The answer must be an exact copy of the lines from the top of the listing below through the line with "Lulus Green Multicolor", with no pictures.

───── RECORDS TO USE

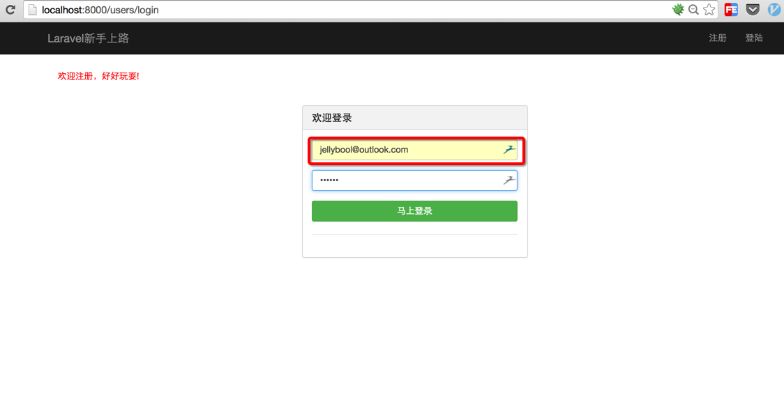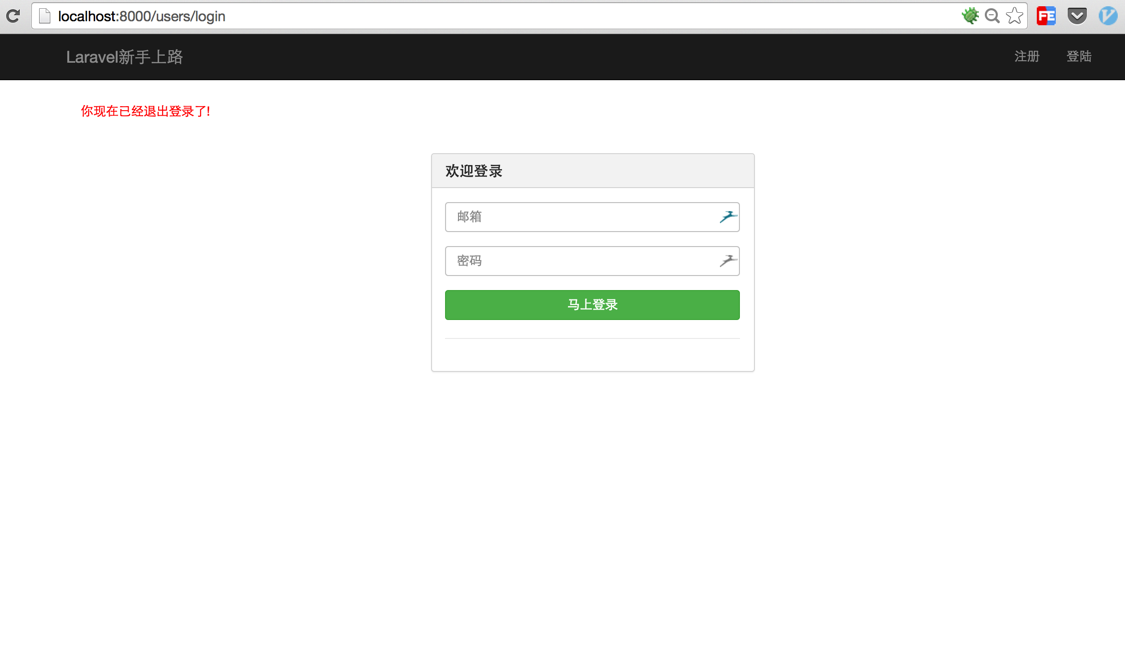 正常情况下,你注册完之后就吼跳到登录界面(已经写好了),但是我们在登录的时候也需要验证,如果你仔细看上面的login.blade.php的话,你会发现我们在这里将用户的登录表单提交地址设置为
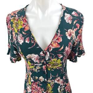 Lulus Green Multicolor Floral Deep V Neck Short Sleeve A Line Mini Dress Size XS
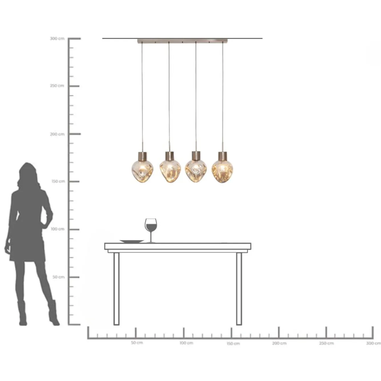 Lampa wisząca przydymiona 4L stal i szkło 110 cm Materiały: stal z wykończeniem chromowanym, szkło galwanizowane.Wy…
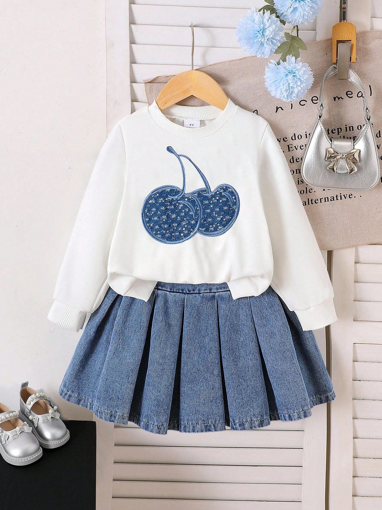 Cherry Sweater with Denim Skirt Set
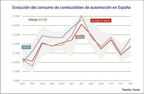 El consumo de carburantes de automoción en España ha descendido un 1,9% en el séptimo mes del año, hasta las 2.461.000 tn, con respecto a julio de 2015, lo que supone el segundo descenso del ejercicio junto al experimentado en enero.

──────────

# RESPONSE BOX
 正常情况下,你注册完之后就吼跳到登录界面(已经写好了),但是我们在登录的时候也需要验证,如果你仔细看上面的login.blade.php的话,你会发现我们在这里将用户的登录表单提交地址设置为
 Lulus Green Multicolor Floral Deep V Neck Short Sleeve A Line Mini Dress Size XS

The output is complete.